AAJ: Qual è stata la tua educazione musicale, i maestri, e quali i primi modelli e influenze musicali?
K.W.: Iniziai a studiare armonia a Toronto (il libro di Paul Hindemith sull'armonia tradizionale) e poi molti anni dopo quando sono arrivato a Londra ho cominciato a lavorare con Bill Russo, uno dei compositori e arrangiatori della big band di Stan Kenton. In seguito, ho studiato per un periodo di due anni con il compositore classico Sir Richard Bennett, e da allora in poi ho continuato da autodidatta.

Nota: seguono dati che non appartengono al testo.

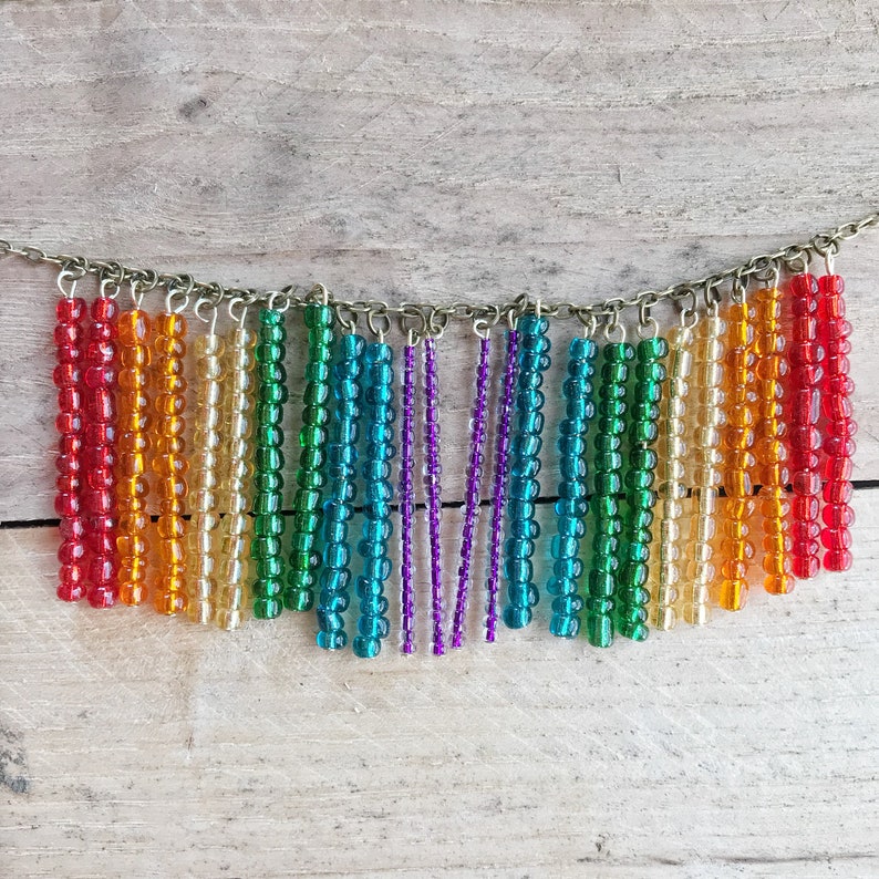 Rainbow glass necklace clearance, Rainbow Glass Necklace Beaded Rainbow Statement Necklace | Etsy clearance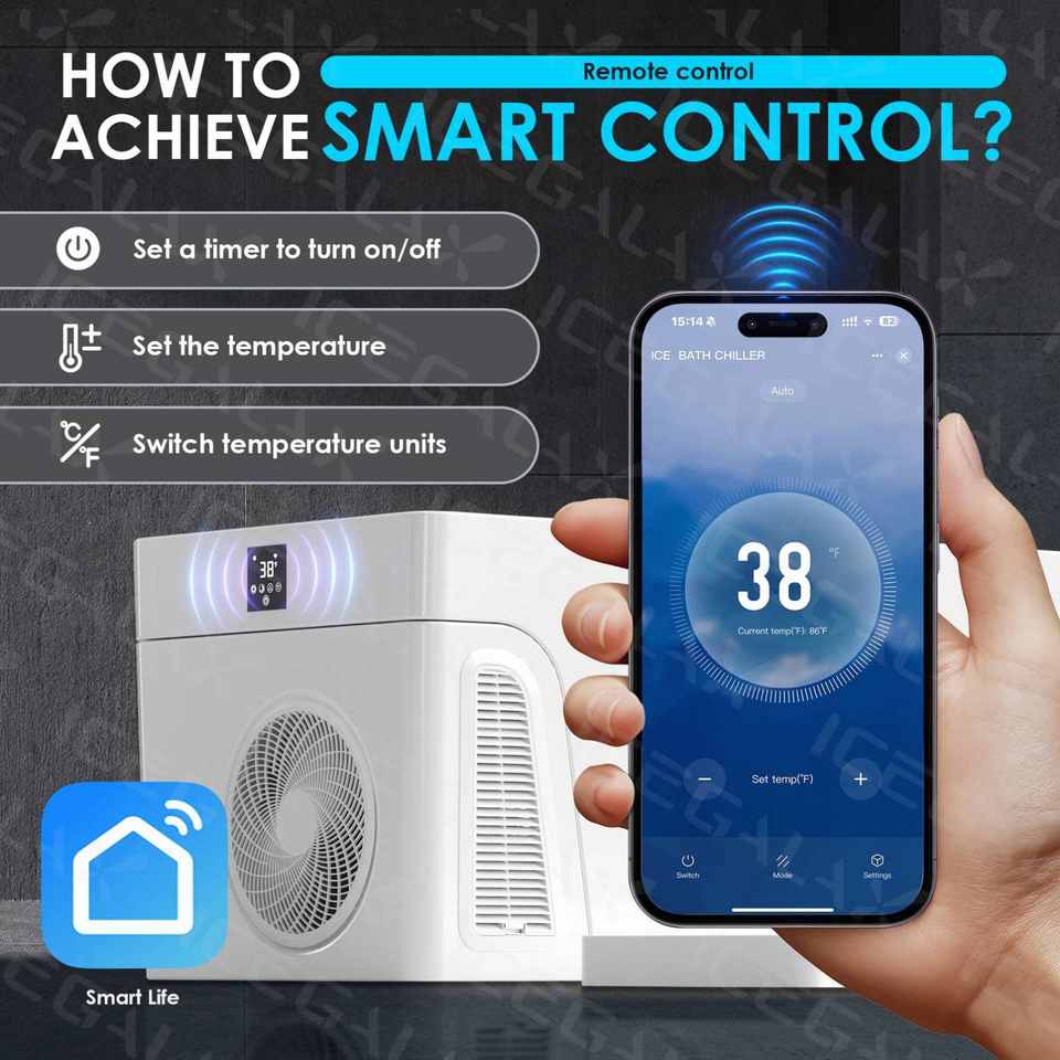 Característica:Respetuoso del medio ambiente, Fácil-conjunto, Remojo, Baño de Hielo Todo en Uno Integrado con Control Remoto por App y Ozono

AAJ: Dopo il tuo arrivo in Gran Bretagna, sei stato testimone (e protagonista) dell'evoluzione della scena del jazz inglese moderno dai suoi inizi negli anni '50 fino a tutt'oggi. Cosa ha significato per te questa esperienza, e come ti ha aiutato a crescere artisticamente?
K.W.: Dapprima ho suonato jazz normale, poi sono stato sempre più coinvolto con musicisti di free jazz, e questo ha cambiato il mio modo di suonare... Non so se sia stato un bene o un male... non lo so davvero [ride]. Poi tramite quello sono stato coinvolto nella scena del jazz europeo, e questo naturalmente ha cambiato la mia carriera di musicista. Da quel momento in avanti ho cominciato a suonare con la Globe Unity Orchestra e altri gruppi e musicisti di jazz e free jazz in tutta Europa.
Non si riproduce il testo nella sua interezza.